Note that plain text files containing only trees in this format are supported as well.
In next step compared trees should be entered, it can be done it in few ways as shown in Fig 4, You can:
Fig. 4
In the next step, select at least one of available phylogenetic metrics. It can be for rooted or unrooted trees, and if you are interested in more than one, you can select a few metrics as shown in Fig 5. In a special case, you can even select all.
Fig. 5
Additional options are available (Fig 6):
In the last step, click Compute button to generate report (Fig 6).
Fig. 6
After completing calculations, results appear in the new tab as shown in Fig. 7. Each row (excluding header) contains information about calculated metrics for one pair of compared trees. In the first three rows we find the ordinal number and numbers of compared trees.(Fig. 7A). In subsequent columns, we can find the metrics selected in the previous step (Fig. 7B).
Each pair of compared trees can be drawn by clicking corresponding row. The visualized trees will be displayed in a new pop-up window using the Phylo.io application. Detailed information related to manipulation of displayed trees are placed in the manual available in the newly displayed window.
After using Normalized distances option the following two columns (Fig. 7C) per each chosen metric appear additionally in the output file. These columns contain the value of the distance in a particular metric divided by its empirical average value. If the number of common leaves in compared trees is out of supported range (which is form 4 to 1000), then “N/A” value is inserted. For details regarding generating phylogenetic trees under the Yule and uniform models see (McKenzie and Steel 2000; Semple and Steel 2003).
By default, data is sorted in ascending order by first column containing the ordinal numbers. We can easily change it by clicking the appropriate column header (this also applies to the order: decreasing, increasing). In order to search/filter only rows that containing a certain phrase, we can use the search control (Fig. 7D).
The displayed data (excluding filtered ones) can be easily copied to the system clipboard, saved in one of the following formats: CSV, EXCEL, PDF or printed using the appropriate button (Fig. 7E).
Fig. 7
The following table contains a mapping between available metrics and column names in the Report that are related to them.

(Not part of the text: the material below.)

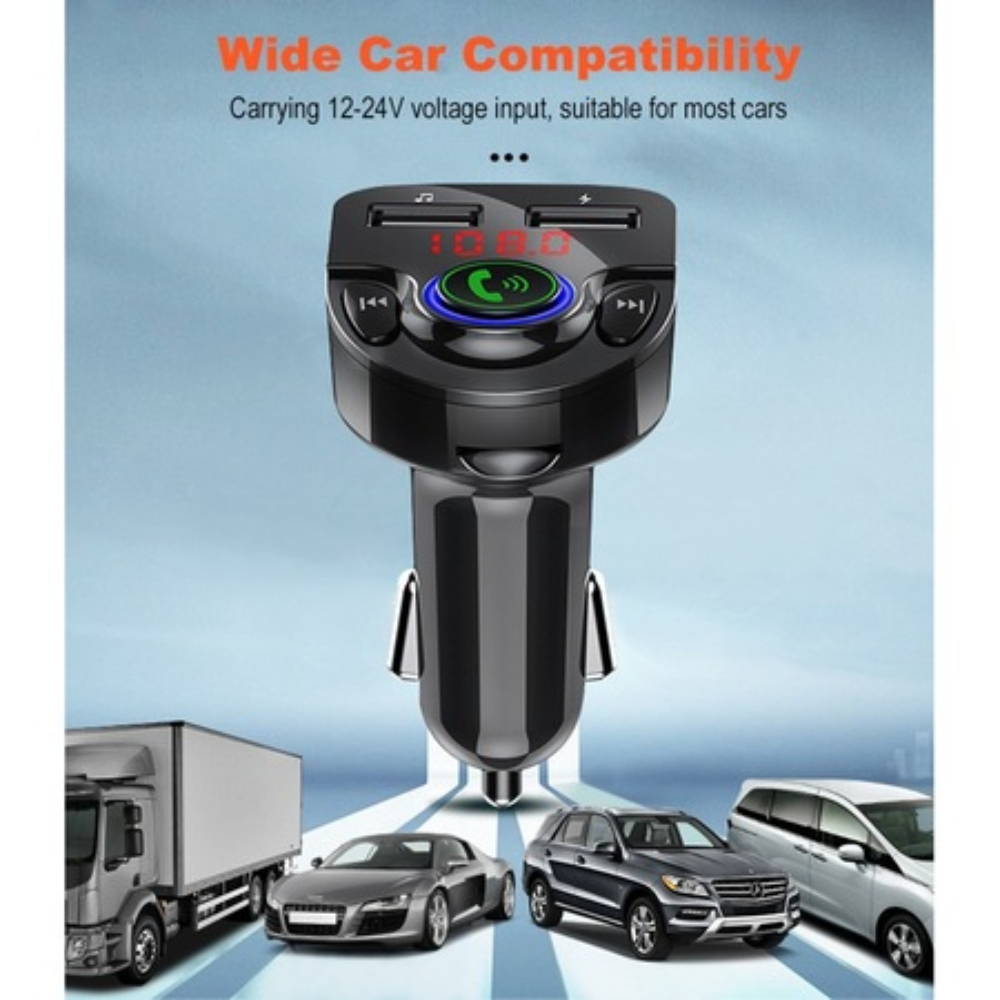 Transmitator FM Bluetooth 5.0, Player Muzical, Convorbiri Telefonice Hands-Free, Dual USB, Port USB Incarcare Rapida, Negru

Metric name in the output file | Full metric name |
---|---|
MatchingSplit | Matching Split distance |
RF | Robinson-Foulds distance |
PathDiffernce | Path difference distance |
Quartet | Quartet distance |
UMAST | Unrooted maximum agreement subtree distance |
RFWeighted | Weighted Robinsin Foulds distance |
GeoUnrooted | Geodesic Unrooted distance |
MatchingCluster | Matching Cluster metric |
RF_Cluster | Robinson-Foulds metric based on clusters |
NodalSplitted | Nodal Splitted metric with L2 norm |
Triples | Triples metric |
MatchingPair | Matching Pair metric |
MAST | Rooted maximum agreement subtree metric |
CopheneticL2Metric | Cophenetic Metric with L2 norm |
RFClusterWeighted | Weighted Robinson-Foulds metric based on clusters |
NodalSplittedWeighted | Weighted Nodal Splitted metric with L2 norm |
GeoRooted | Geodesic Rooted metric |
CopheneticL2WeightedMetric | Weighted Cophenetic Metric with L2 norm |
Using Summary option adds an additional section to the report with the following format (Fig. 7F):
Name | Avg | Std | Min | Max | Count |
---|---|---|---|---|---|
Metric name 1 | Average value | Standard deviation value | Minimal value | Maximal value | Number of analyzed values |
Metric name 2 | … | … | … | … | … |
… | … | … | … | … | … |
Metric name n | … | … | … | … | … |
After using switch Prune trees option the following three columns appear additionally in report (not used in our example).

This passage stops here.